Line by line, print the records exactly, and keep images out of the copy.

───

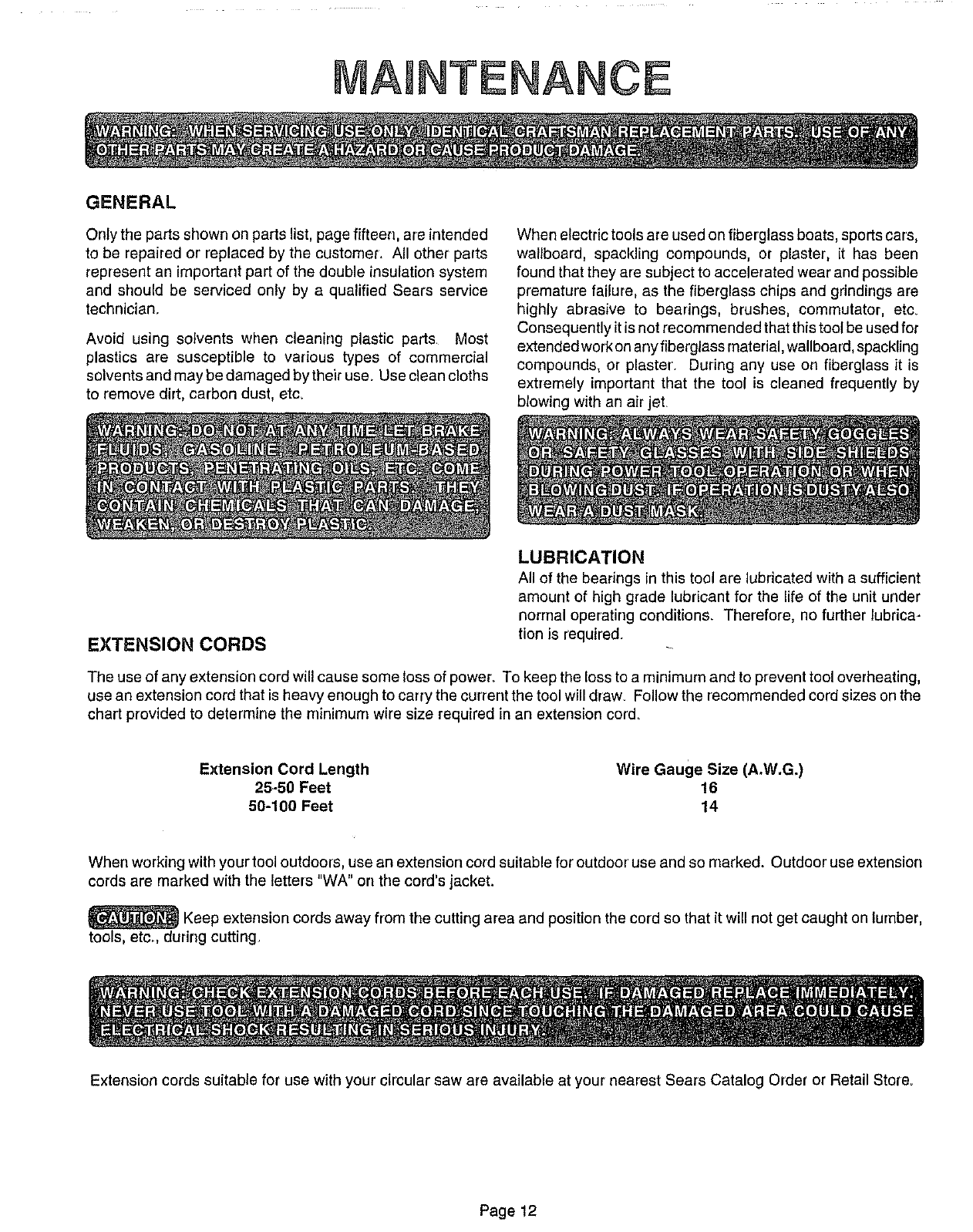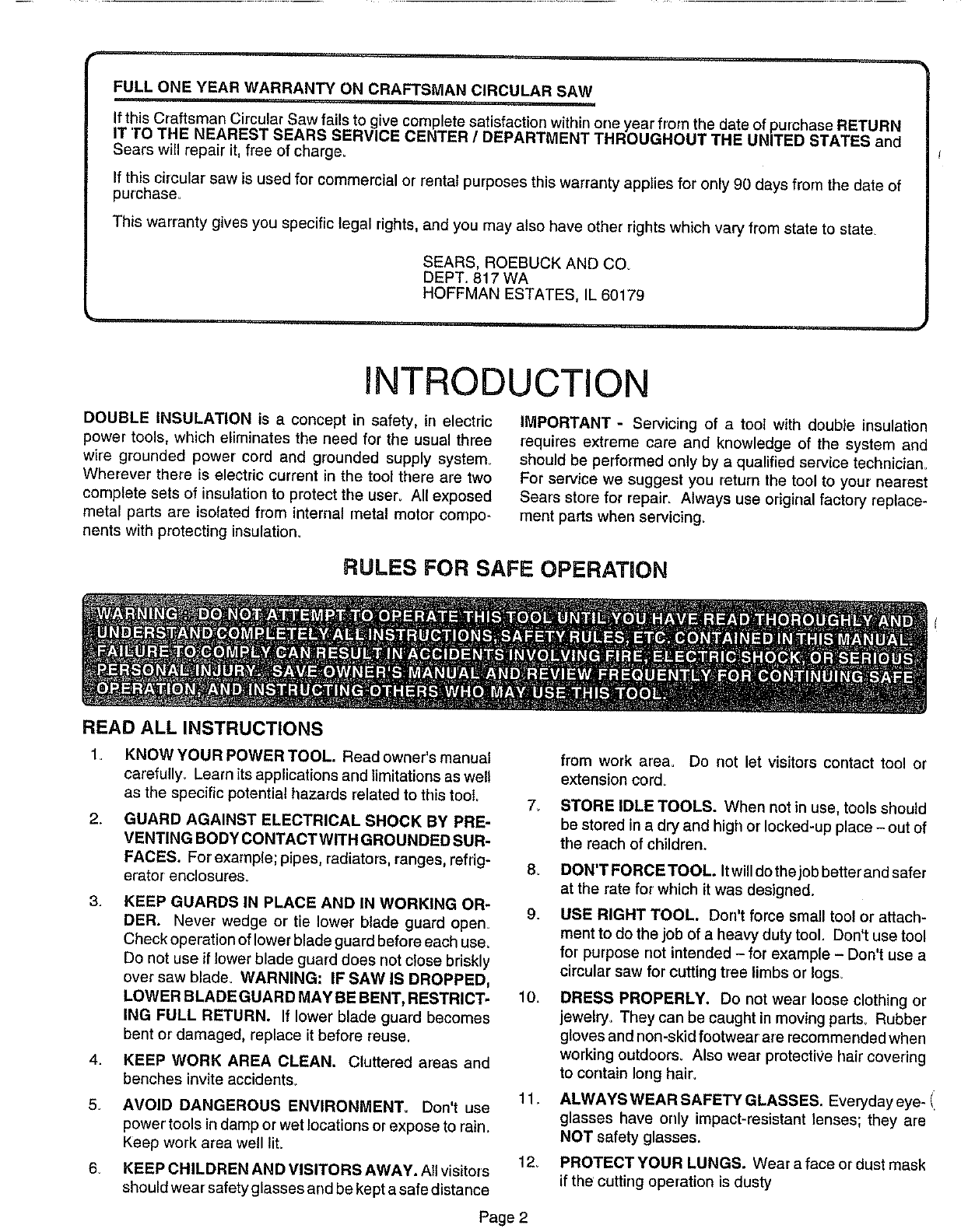 FULL ONE YEAR WARRANTY ON CRAFTSMAN CIRCULAR SAW
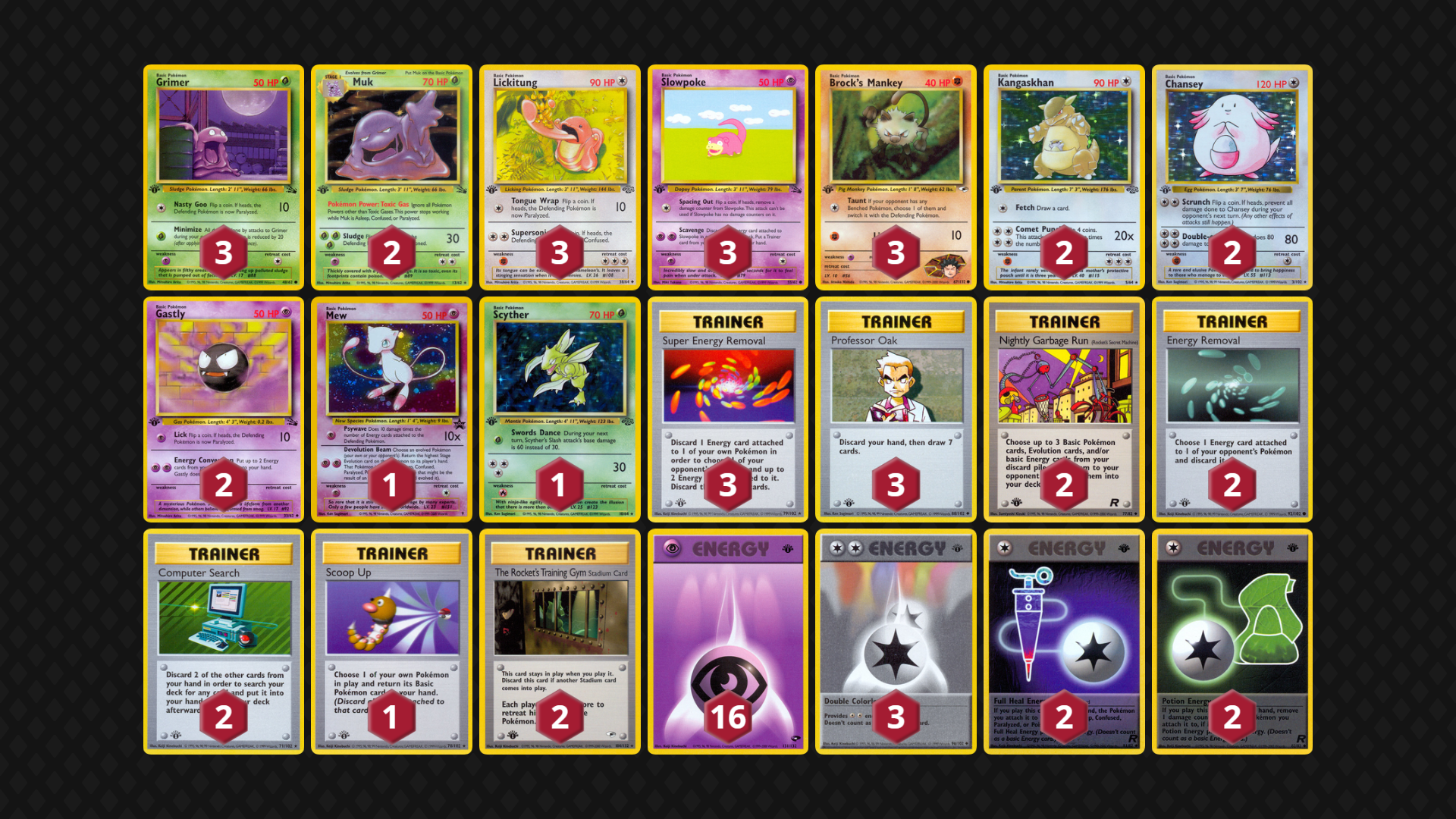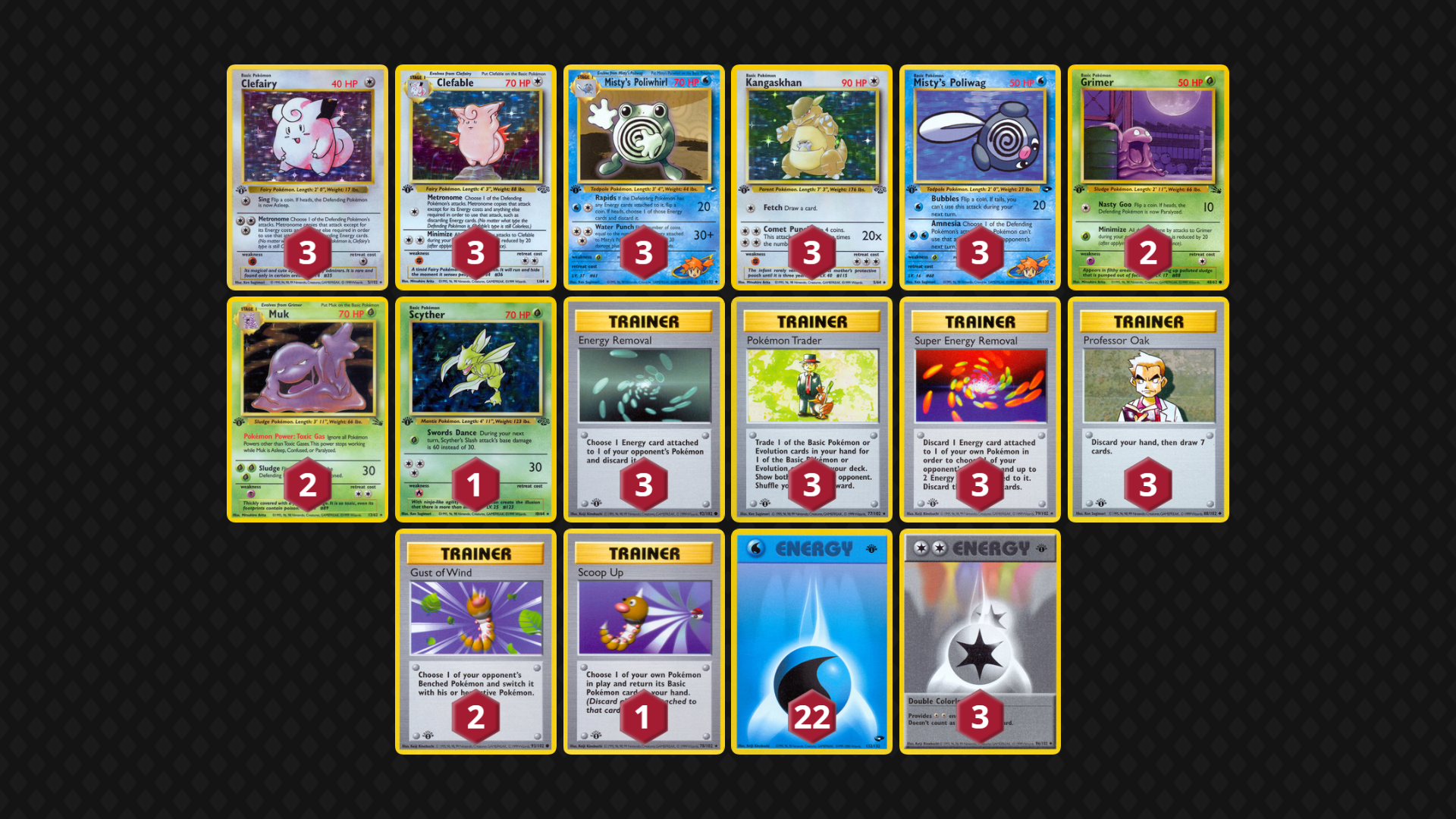 Misty’s Poliwhirl can supplement Energy Removals while Muk turns off Pokemon Powers. Clefable threatens Rocket’s Zapdos. Played to good result in the Mega Battle, I would like to see how this deck develops with more testing.
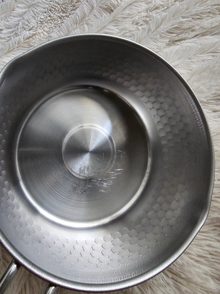 15cm-----used. There is a bit scratching mark on the interior bottom because I accidentally burned the food once. That didn't leave harsh scratching damage on the surface, just some mark from the wooden spoon used for scratching.
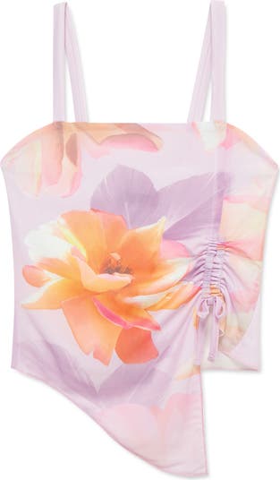 A cinched asymmetric hem and vibrant print update this stretchy tank that they'll keep reaching for again and again.
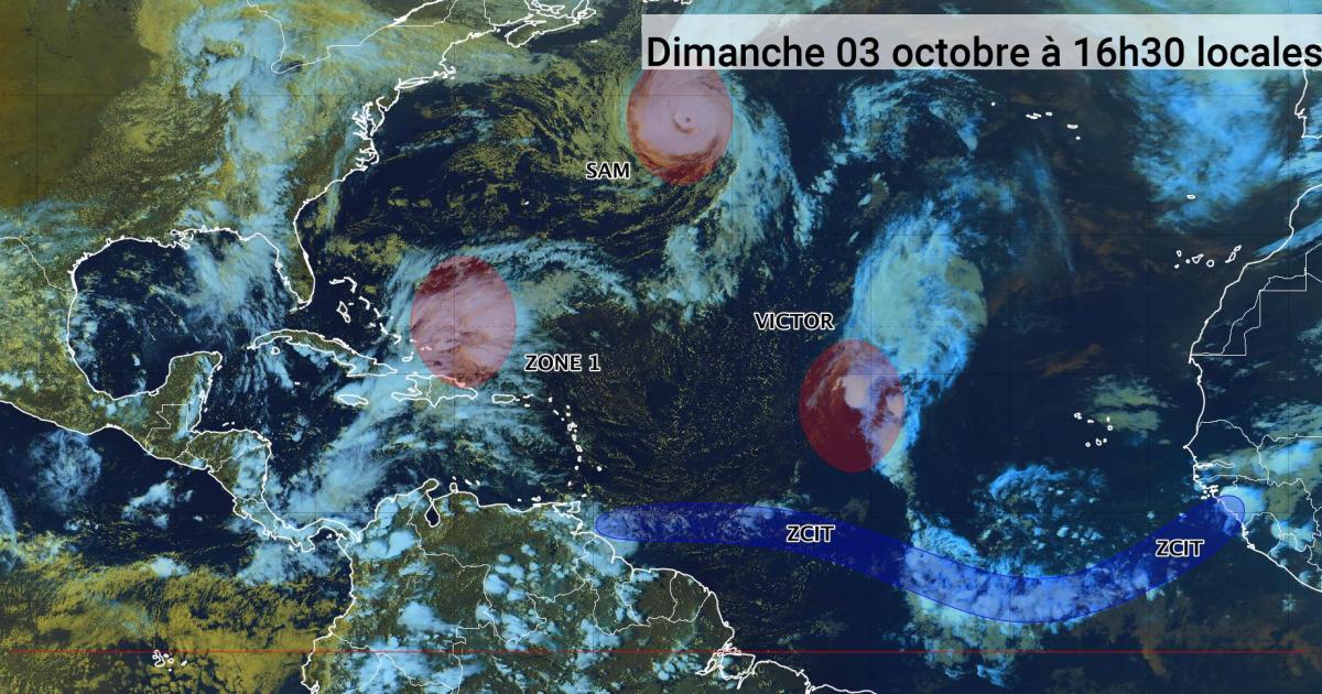 Ouragan de catégorie 2, Sam devrait quitter la zone intertropicale d'ici mardi. Victor, rétrogradé en dépression tropicale, devrait se dissiper dans les prochaines 36 heures.

───

Response area -
 FULL ONE YEAR WARRANTY ON CRAFTSMAN CIRCULAR SAW
 Misty’s Poliwhirl can supplement Energy Removals while Muk turns off Pokemon Powers. Clefable threatens Rocket’s Zapdos. Played to good result in the Mega Battle, I would like to see how this deck develops with more testing.
 15cm-----used. There is a bit scratching mark on the interior bottom because I accidentally burned the food once. That didn't leave harsh scratching damage on the surface, just some mark from the wooden spoon used for scratching.
 A cinched asymmetric hem and vibrant print update this stretchy tank that they'll keep reaching for again and again.
 Ouragan de catégorie 2, Sam devrait quitter la zone intertropicale d'ici mardi. Victor, rétrogradé en dépression tropicale, devrait se dissiper dans les prochaines 36 heures.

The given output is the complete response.